[SC]()

iOS. Apple. Indies. Plus Things.

Opt for Localized Strings

// Written by Jordan Morgan // Oct 22nd, 2025 // Read it in about 2 minutes // RE: Foundation

This post is brought to you by Sentry, mobile monitoring considered "not bad" by 4 million developers.

One of my goals this year was to localize my soccer app into German, French and Spanish. With the nascent String Catalogs, and Xcode’s 26 on-device inference engine for creating comments about what each String represents, it felt like the time was right.

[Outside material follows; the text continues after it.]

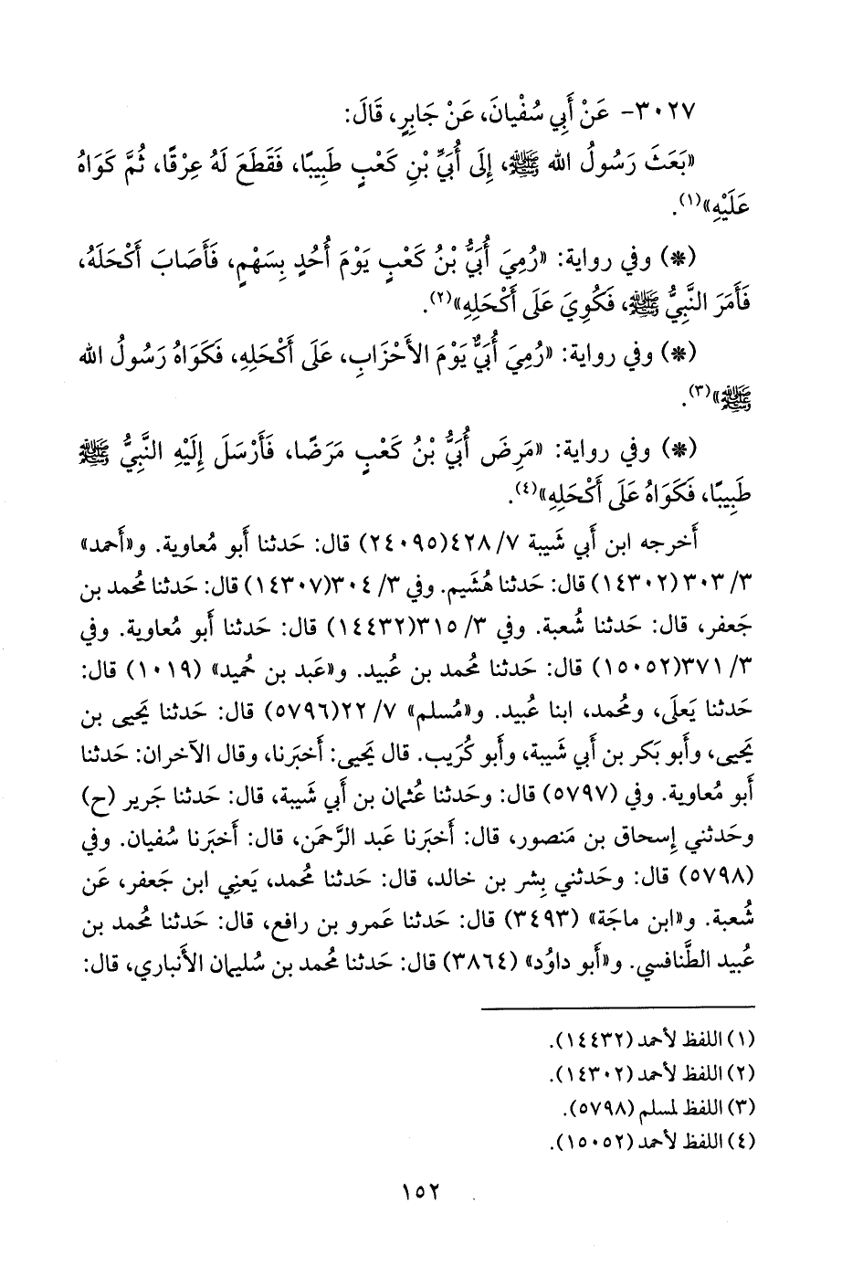 - وفي رواية: «مرض أُبي بن كعب مرضا، فأرسل إليه النبي صَلى الله عَليه وسَلم طبيبا، فكواه على أكحله» (¬٤).

Ah, the time was right, but my code was not. I was using plain String types in a lot of places, and a String catalog won’t pick those up for translation:

enum AppTab: String, CaseIterable {
    case teams, drills, practices
}

// Later on, a simplified example...
ForEach(AppTab.allCases) { tab in 
    Text(tab.rawValue)
}

This is easy to miss, because SwiftUI does a fantastic job and opting you into using localizable String types, even if you don’t realize it:

Text("Make localizing your app easy!")

Under the hood, that string is a LocalizedStringKey, which means a String Catalog will pick it up for translation:

init(
    _ key: LocalizedStringKey,
    tableName: String? = nil,
    bundle: Bundle? = nil,
    comment: StaticString? = nil
)

Going forward, I’ve started writing String variables, parameters, and anything else that’ll show in a UI (which, well, Strings tend to do…all the time) using LocalizedStringKey — there’s no code changes you need to make when you swap this with a String type, plus you get the String Catalog support:

// From this
struct AnotherView: View {
    let headerText: String // <-- Won't show in String Catalog
    
    var body: some View {
        Text(headerText)
    }
}


// To this
struct AnotherView: View {
    let headerText: LocalizedStringKey // <-- Will show in String Catalog
    
    var body: some View {
        Text(headerText)
    }
}

To follow up on the first example:

enum AppTab: String, CaseIterable {
    case teams = String(localized: "Teams"), drills = String(localized: "Drills"), practices = String(localized: "Practices")
}

The same goes if you have interpolated Strings, using String(localized:comment:) does the trick:

// From this
let result = model.didGeneratePlan ? "Practice plan ready!" : "Failed to generate plan."

// To this
let result = model.didGeneratePlan ? String(localized: "Practice plan ready!") : String(localized: "Failed to generate plan.")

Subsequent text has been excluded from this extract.